-------- PROVIDED ENTRIES --------
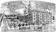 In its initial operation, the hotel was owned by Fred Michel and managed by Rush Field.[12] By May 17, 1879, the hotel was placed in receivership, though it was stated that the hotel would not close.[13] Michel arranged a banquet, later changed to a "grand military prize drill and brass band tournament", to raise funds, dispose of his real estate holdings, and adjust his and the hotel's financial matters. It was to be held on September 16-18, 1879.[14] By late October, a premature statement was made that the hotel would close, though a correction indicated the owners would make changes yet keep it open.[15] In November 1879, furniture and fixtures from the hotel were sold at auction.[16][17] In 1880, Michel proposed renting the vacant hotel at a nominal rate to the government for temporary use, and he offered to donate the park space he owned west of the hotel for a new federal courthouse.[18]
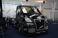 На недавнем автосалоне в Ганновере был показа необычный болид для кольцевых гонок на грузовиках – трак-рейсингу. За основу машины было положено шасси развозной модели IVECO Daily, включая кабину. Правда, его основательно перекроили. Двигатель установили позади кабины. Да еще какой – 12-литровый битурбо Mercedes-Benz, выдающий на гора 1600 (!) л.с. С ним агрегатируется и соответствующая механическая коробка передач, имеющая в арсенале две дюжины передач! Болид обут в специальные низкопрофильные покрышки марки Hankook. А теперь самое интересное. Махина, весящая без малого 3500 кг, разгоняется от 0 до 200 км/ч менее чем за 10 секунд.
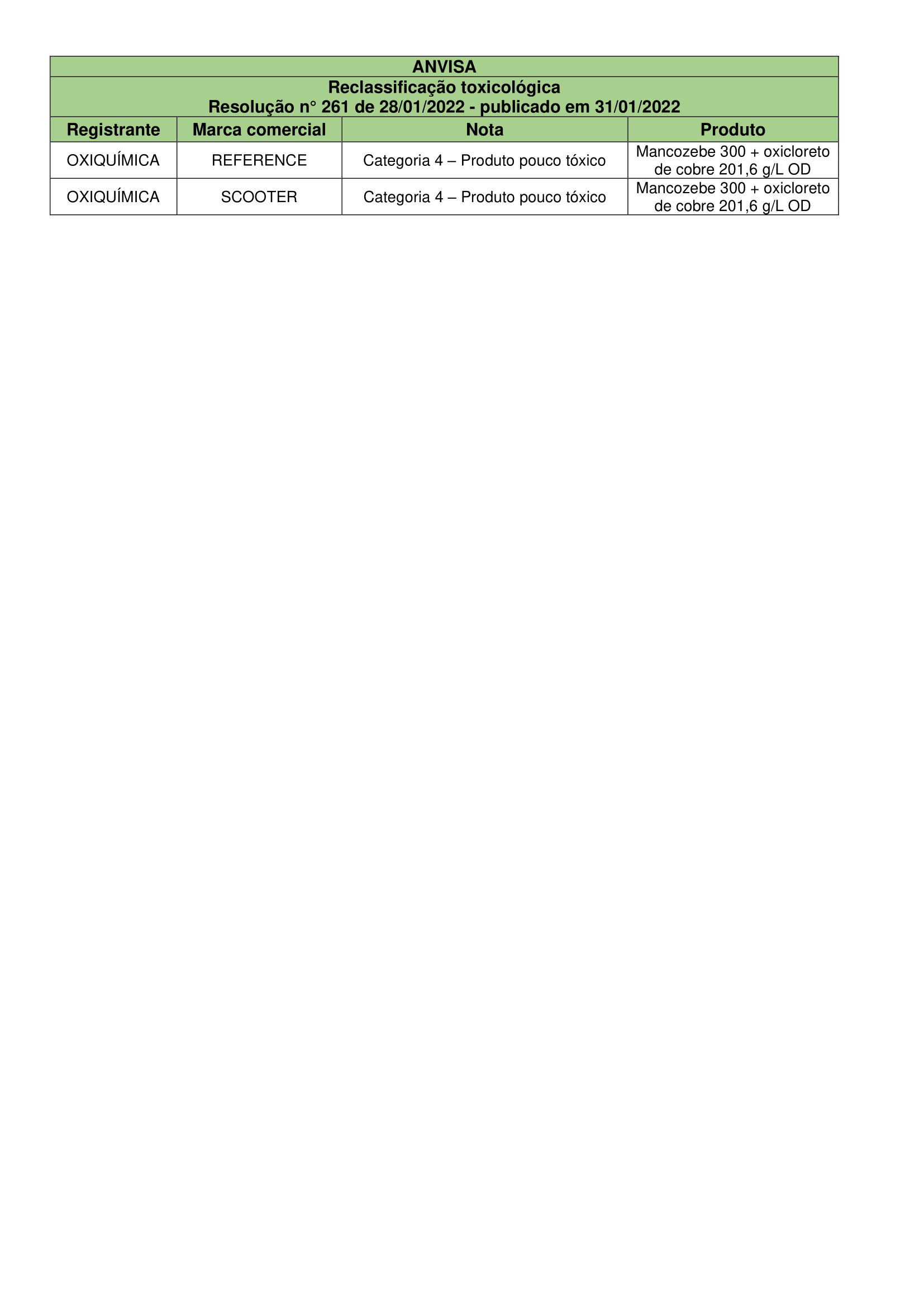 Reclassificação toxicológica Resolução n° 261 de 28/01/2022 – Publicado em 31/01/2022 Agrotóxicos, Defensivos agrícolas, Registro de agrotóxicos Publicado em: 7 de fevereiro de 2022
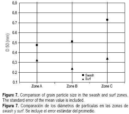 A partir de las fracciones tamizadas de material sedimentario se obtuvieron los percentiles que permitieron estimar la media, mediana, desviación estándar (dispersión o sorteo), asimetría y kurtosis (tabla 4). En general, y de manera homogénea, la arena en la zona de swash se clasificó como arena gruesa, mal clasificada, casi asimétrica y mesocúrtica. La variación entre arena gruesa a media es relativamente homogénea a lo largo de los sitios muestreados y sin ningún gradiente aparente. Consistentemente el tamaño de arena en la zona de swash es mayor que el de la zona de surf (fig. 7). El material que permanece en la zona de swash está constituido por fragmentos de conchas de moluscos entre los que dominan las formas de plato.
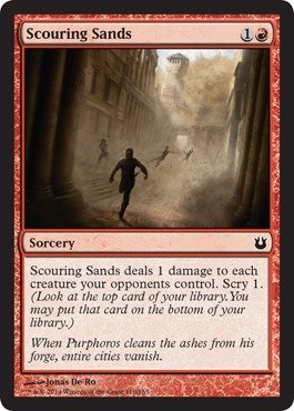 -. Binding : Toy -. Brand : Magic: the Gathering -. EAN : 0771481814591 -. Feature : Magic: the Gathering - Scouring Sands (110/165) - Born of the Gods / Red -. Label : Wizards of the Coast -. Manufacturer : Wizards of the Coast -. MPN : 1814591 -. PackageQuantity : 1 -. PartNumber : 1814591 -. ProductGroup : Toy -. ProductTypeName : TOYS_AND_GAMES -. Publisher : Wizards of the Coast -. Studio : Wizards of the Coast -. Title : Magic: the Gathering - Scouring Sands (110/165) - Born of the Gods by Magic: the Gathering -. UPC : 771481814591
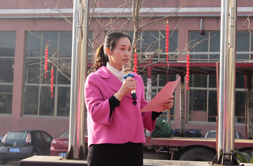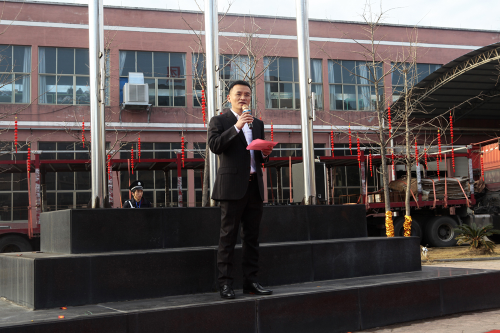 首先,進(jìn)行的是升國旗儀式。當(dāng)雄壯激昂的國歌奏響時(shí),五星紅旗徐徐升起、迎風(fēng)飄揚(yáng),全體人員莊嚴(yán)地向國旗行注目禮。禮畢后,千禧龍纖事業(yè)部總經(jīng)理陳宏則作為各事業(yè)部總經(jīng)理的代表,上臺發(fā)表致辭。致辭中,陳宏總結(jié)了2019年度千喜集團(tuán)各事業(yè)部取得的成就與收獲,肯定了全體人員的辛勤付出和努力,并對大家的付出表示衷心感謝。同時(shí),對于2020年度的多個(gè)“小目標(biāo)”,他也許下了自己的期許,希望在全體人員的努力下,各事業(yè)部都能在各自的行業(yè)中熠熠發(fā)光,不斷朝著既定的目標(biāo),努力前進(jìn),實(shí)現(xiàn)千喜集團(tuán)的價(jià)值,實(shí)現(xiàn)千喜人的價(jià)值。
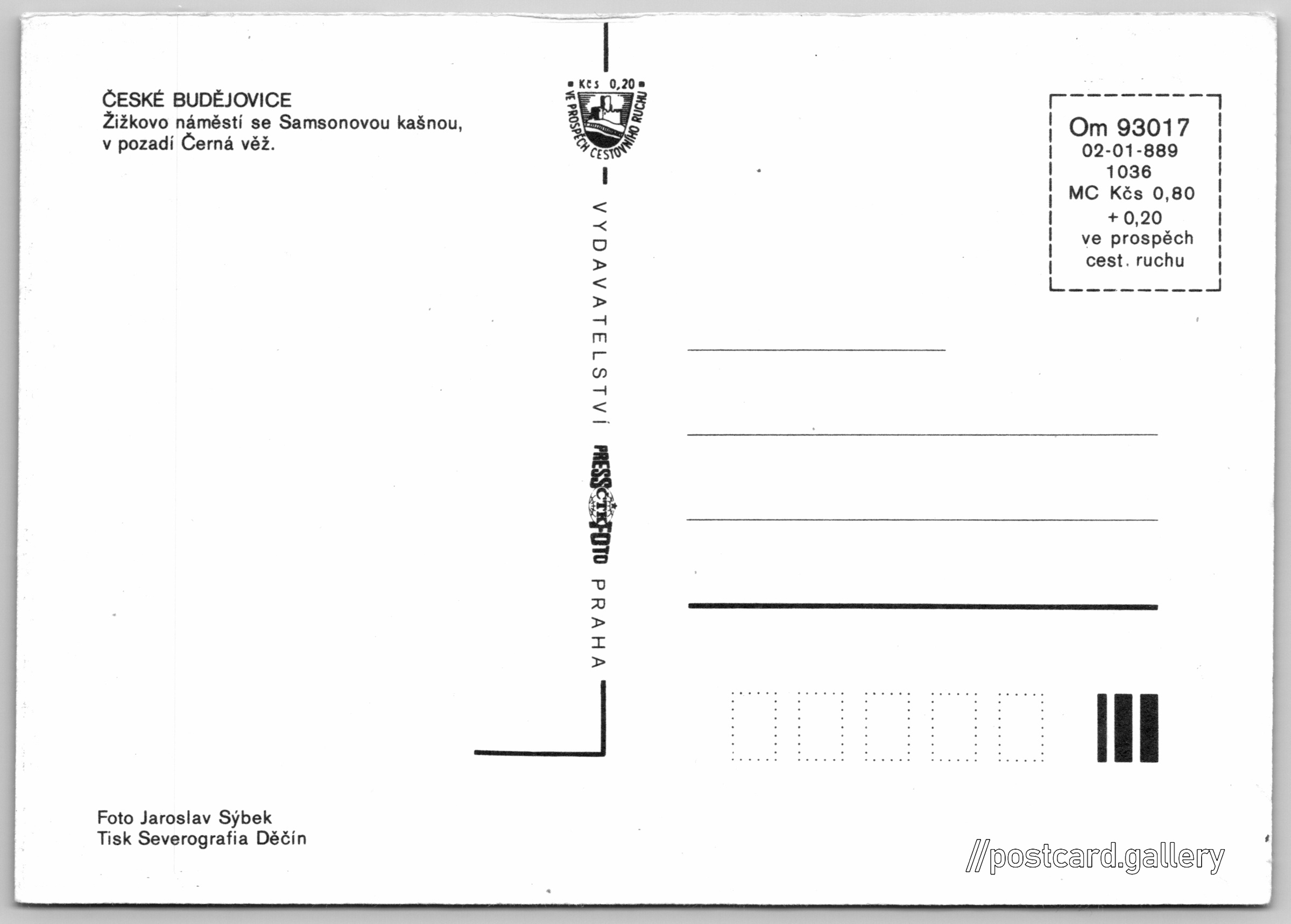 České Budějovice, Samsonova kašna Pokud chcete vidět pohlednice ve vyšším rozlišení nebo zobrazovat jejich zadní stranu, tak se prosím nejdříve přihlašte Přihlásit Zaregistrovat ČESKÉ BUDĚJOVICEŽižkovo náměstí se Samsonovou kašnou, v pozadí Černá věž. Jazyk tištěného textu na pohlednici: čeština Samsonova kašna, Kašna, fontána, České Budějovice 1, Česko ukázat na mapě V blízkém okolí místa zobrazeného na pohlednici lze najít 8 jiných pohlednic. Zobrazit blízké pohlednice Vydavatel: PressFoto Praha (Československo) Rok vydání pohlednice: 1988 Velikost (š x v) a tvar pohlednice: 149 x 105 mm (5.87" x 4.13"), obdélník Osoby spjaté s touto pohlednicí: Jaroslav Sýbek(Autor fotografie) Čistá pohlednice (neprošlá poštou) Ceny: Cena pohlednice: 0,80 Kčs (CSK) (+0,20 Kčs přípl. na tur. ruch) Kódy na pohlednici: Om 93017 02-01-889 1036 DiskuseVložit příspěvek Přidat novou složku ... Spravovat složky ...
--------
WHAT YOU SHOULD DO: Extract the full listing above verbatim; pictures are to be left out of the copy.

EXERCISE SOLUTION:
 In its initial operation, the hotel was owned by Fred Michel and managed by Rush Field.[12] By May 17, 1879, the hotel was placed in receivership, though it was stated that the hotel would not close.[13] Michel arranged a banquet, later changed to a "grand military prize drill and brass band tournament", to raise funds, dispose of his real estate holdings, and adjust his and the hotel's financial matters. It was to be held on September 16-18, 1879.[14] By late October, a premature statement was made that the hotel would close, though a correction indicated the owners would make changes yet keep it open.[15] In November 1879, furniture and fixtures from the hotel were sold at auction.[16][17] In 1880, Michel proposed renting the vacant hotel at a nominal rate to the government for temporary use, and he offered to donate the park space he owned west of the hotel for a new federal courthouse.[18]
 На недавнем автосалоне в Ганновере был показа необычный болид для кольцевых гонок на грузовиках – трак-рейсингу. За основу машины было положено шасси развозной модели IVECO Daily, включая кабину. Правда, его основательно перекроили. Двигатель установили позади кабины. Да еще какой – 12-литровый битурбо Mercedes-Benz, выдающий на гора 1600 (!) л.с. С ним агрегатируется и соответствующая механическая коробка передач, имеющая в арсенале две дюжины передач! Болид обут в специальные низкопрофильные покрышки марки Hankook. А теперь самое интересное. Махина, весящая без малого 3500 кг, разгоняется от 0 до 200 км/ч менее чем за 10 секунд.
 Reclassificação toxicológica Resolução n° 261 de 28/01/2022 – Publicado em 31/01/2022 Agrotóxicos, Defensivos agrícolas, Registro de agrotóxicos Publicado em: 7 de fevereiro de 2022
 A partir de las fracciones tamizadas de material sedimentario se obtuvieron los percentiles que permitieron estimar la media, mediana, desviación estándar (dispersión o sorteo), asimetría y kurtosis (tabla 4). En general, y de manera homogénea, la arena en la zona de swash se clasificó como arena gruesa, mal clasificada, casi asimétrica y mesocúrtica. La variación entre arena gruesa a media es relativamente homogénea a lo largo de los sitios muestreados y sin ningún gradiente aparente. Consistentemente el tamaño de arena en la zona de swash es mayor que el de la zona de surf (fig. 7). El material que permanece en la zona de swash está constituido por fragmentos de conchas de moluscos entre los que dominan las formas de plato.
 -. Binding : Toy -. Brand : Magic: the Gathering -. EAN : 0771481814591 -. Feature : Magic: the Gathering - Scouring Sands (110/165) - Born of the Gods / Red -. Label : Wizards of the Coast -. Manufacturer : Wizards of the Coast -. MPN : 1814591 -. PackageQuantity : 1 -. PartNumber : 1814591 -. ProductGroup : Toy -. ProductTypeName : TOYS_AND_GAMES -. Publisher : Wizards of the Coast -. Studio : Wizards of the Coast -. Title : Magic: the Gathering - Scouring Sands (110/165) - Born of the Gods by Magic: the Gathering -. UPC : 771481814591
 首先,進(jìn)行的是升國旗儀式。當(dāng)雄壯激昂的國歌奏響時(shí),五星紅旗徐徐升起、迎風(fēng)飄揚(yáng),全體人員莊嚴(yán)地向國旗行注目禮。禮畢后,千禧龍纖事業(yè)部總經(jīng)理陳宏則作為各事業(yè)部總經(jīng)理的代表,上臺發(fā)表致辭。致辭中,陳宏總結(jié)了2019年度千喜集團(tuán)各事業(yè)部取得的成就與收獲,肯定了全體人員的辛勤付出和努力,并對大家的付出表示衷心感謝。同時(shí),對于2020年度的多個(gè)“小目標(biāo)”,他也許下了自己的期許,希望在全體人員的努力下,各事業(yè)部都能在各自的行業(yè)中熠熠發(fā)光,不斷朝著既定的目標(biāo),努力前進(jìn),實(shí)現(xiàn)千喜集團(tuán)的價(jià)值,實(shí)現(xiàn)千喜人的價(jià)值。
 České Budějovice, Samsonova kašna Pokud chcete vidět pohlednice ve vyšším rozlišení nebo zobrazovat jejich zadní stranu, tak se prosím nejdříve přihlašte Přihlásit Zaregistrovat ČESKÉ BUDĚJOVICEŽižkovo náměstí se Samsonovou kašnou, v pozadí Černá věž. Jazyk tištěného textu na pohlednici: čeština Samsonova kašna, Kašna, fontána, České Budějovice 1, Česko ukázat na mapě V blízkém okolí místa zobrazeného na pohlednici lze najít 8 jiných pohlednic. Zobrazit blízké pohlednice Vydavatel: PressFoto Praha (Československo) Rok vydání pohlednice: 1988 Velikost (š x v) a tvar pohlednice: 149 x 105 mm (5.87" x 4.13"), obdélník Osoby spjaté s touto pohlednicí: Jaroslav Sýbek(Autor fotografie) Čistá pohlednice (neprošlá poštou) Ceny: Cena pohlednice: 0,80 Kčs (CSK) (+0,20 Kčs přípl. na tur. ruch) Kódy na pohlednici: Om 93017 02-01-889 1036 DiskuseVložit příspěvek Přidat novou složku ... Spravovat složky ...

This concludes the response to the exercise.